Problem details: Print the entire listing below word for word, excluding its pictures.

Data shown:
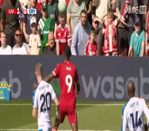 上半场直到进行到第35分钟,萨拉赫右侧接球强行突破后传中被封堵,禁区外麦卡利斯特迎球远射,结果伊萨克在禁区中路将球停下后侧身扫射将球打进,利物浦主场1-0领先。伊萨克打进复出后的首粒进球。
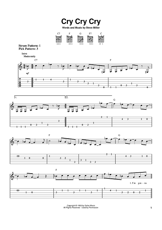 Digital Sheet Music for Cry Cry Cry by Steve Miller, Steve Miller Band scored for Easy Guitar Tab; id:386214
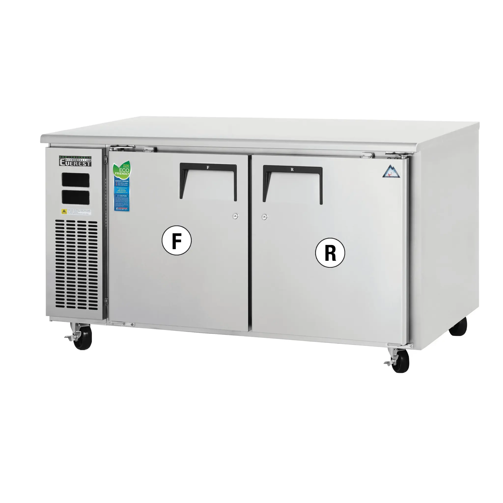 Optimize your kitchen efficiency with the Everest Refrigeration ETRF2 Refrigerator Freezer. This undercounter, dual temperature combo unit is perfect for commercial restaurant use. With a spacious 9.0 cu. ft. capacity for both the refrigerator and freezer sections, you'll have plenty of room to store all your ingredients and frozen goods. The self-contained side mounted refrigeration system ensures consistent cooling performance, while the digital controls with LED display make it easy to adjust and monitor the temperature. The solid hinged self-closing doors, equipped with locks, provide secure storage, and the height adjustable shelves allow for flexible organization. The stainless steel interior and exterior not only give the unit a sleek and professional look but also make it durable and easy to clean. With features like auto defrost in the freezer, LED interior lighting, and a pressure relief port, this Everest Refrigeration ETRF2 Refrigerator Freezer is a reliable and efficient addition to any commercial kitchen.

Task output:
 上半场直到进行到第35分钟,萨拉赫右侧接球强行突破后传中被封堵,禁区外麦卡利斯特迎球远射,结果伊萨克在禁区中路将球停下后侧身扫射将球打进,利物浦主场1-0领先。伊萨克打进复出后的首粒进球。
 Digital Sheet Music for Cry Cry Cry by Steve Miller, Steve Miller Band scored for Easy Guitar Tab; id:386214
 Optimize your kitchen efficiency with the Everest Refrigeration ETRF2 Refrigerator Freezer. This undercounter, dual temperature combo unit is perfect for commercial restaurant use. With a spacious 9.0 cu. ft. capacity for both the refrigerator and freezer sections, you'll have plenty of room to store all your ingredients and frozen goods. The self-contained side mounted refrigeration system ensures consistent cooling performance, while the digital controls with LED display make it easy to adjust and monitor the temperature. The solid hinged self-closing doors, equipped with locks, provide secure storage, and the height adjustable shelves allow for flexible organization. The stainless steel interior and exterior not only give the unit a sleek and professional look but also make it durable and easy to clean. With features like auto defrost in the freezer, LED interior lighting, and a pressure relief port, this Everest Refrigeration ETRF2 Refrigerator Freezer is a reliable and efficient addition to any commercial kitchen.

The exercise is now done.